The mortgage interest deduction adds up to a lot of money – an estimated $131 billion in 2012.  That dwarfs total spending by the Department of Housing and Urban Development (under $50 billion). The biggest tax benefits go to high-income homeowners who’ve taken out big mortgages for expensive homes. Recent results from the Urban Brookings Tax Policy Model show that means affluent white families living in the suburbs, not the low- or moderate-income people who are struggling to buy homes or make ends meet or the central city neighborhoods that need reinvestment.

Distribution of Benefits from the Mortgage Interest Deduction

 

For decades, low-income housing experts and advocates have argued that the mortgage deduction should be scaled back or restructured and that the extra tax revenues should go to housing programs that help poor people.  There’s ample evidence of enormous need.  But the mortgage interest deduction has been too popular among affluent homeowners and the real estate industry to touch.

Now, however, the federal debt crisis may intensify pressures for increased revenue so much that even the mortgage interest deduction gets serious consideration.  Next week, tax policy experts, housing advocates, and real estate industry reps meet at the Urban Institute to debate the deduction’s future.

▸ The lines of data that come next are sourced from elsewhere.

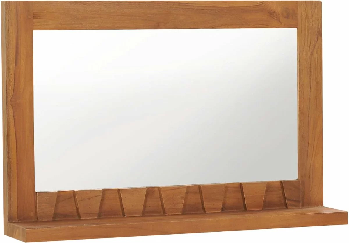 Deze wandspiegel met schap heeft een koloniale maar rustieke stijl en is perfect voor in je badkamer.
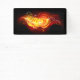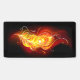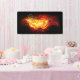 Una brillante pluma de pavo real hecha de fuego y llama sobre fondo negro.
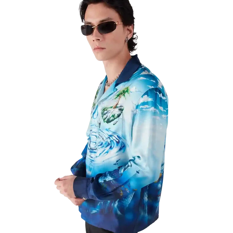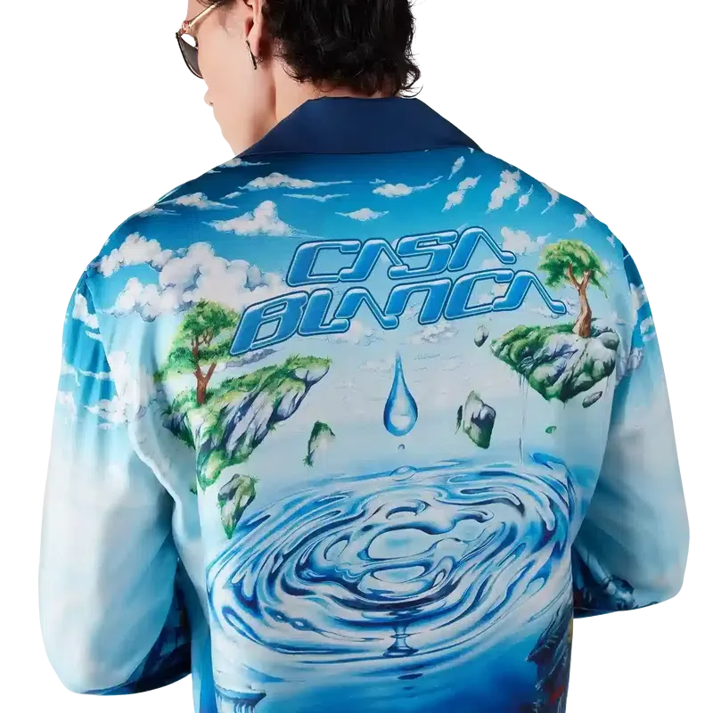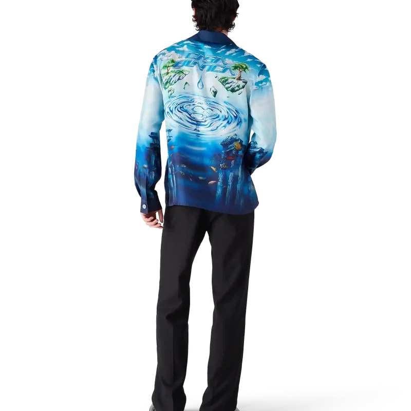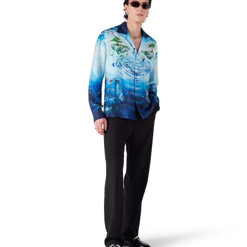 La chemise à manches longues Lost Atlantis présente un design raffiné orné de l’imprimé Water Atlantis de la Maison, qui mêle art numérique et peinture à la main. Le logo CC entrelacé est représenté sous forme de vagues à la surface de l’eau, tandis que la partie inférieure de la chemise fait référence à la civilisation mythique de l’Atlantis, enrichie d’une faune exotique et de trésors cachés. Elle est dotée d’une fermeture à boutons, de boutons arborant le logo CC entrelacé et de boutons émaillés à bordure dorée, signature de la maison, aux poignets.
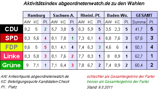 Vorgehensweise: In den Aktivitätsindex ist neben der Antwortquote auch die Beteiligungsquote am Kandidaten-Check eingeflossen, den wir in allen vier Bundesländern anbieten (bzw. im Fall von Hamburg angeboten haben). Beim Kandidaten-Check können Wähler - ähnlich wie beim Wahl-O-Mat - ihre Positionen mit denen ihrer Wahlkreiskandidaten abgleichen. Hierzu haben wir vor dem Start des Kandidaten-Check alle Kandidierenden mehrmals angeschrieben und auf die Möglichkeit zur kostenlosen Teilnahme hingewiesen (hier gehts zum Kandidaten-Check in Baden-Württemberg, in Rheinland-Pfalz, in Sachsen-Anhalt). Der besseren Vergleichbarkeit wegen haben wir aus den Prozentwerten einstellige und gerundete Indexwerte gebildet. Aus einer Antwortquote von 76,4 Prozent wurde der Wert 7,6. Um ein Gesamtergebnis aus allen vier Landtagswahlen zu erhalten, haben wir die einzelnen Indexwerte einer Partei addiert. Da von allen Parteien nur CDU, SPD, FDP, Grüne und Linke in sämtlichen Wahlkreisen antreten, haben wir nur diese Parteien berücksichtigt. Eine Partei mit fünf oder zehn Kandidaten ist bei Antwort- und Beteiligungsquote nicht vergleichbar mit einer Partei, bei der 60 oder 70 Kandidierende zur Wahl stehen. Die Antwortquoten aller Parteien, die mit eigenen Direktkandidaten antreten, können aber auf der jeweiligen Wahlprotalseite in der rechten Spalte eingesehen werden (Beispiel Baden-Württemberg)

What should that future look like?  Should we just eliminate the mortgage interest deduction to raise more revenue and simplify the tax code?  Some may argue that the tax code should be purged of social policy incentives, but I think that’s unrealistic.  Instead, if we’ve finally got a real reform opportunity, let’s redirect at least some of the tax savings from the mortgage interest deduction to help families and neighborhoods with serious housing needs, rather than the richest homeowners in the affluent suburbs.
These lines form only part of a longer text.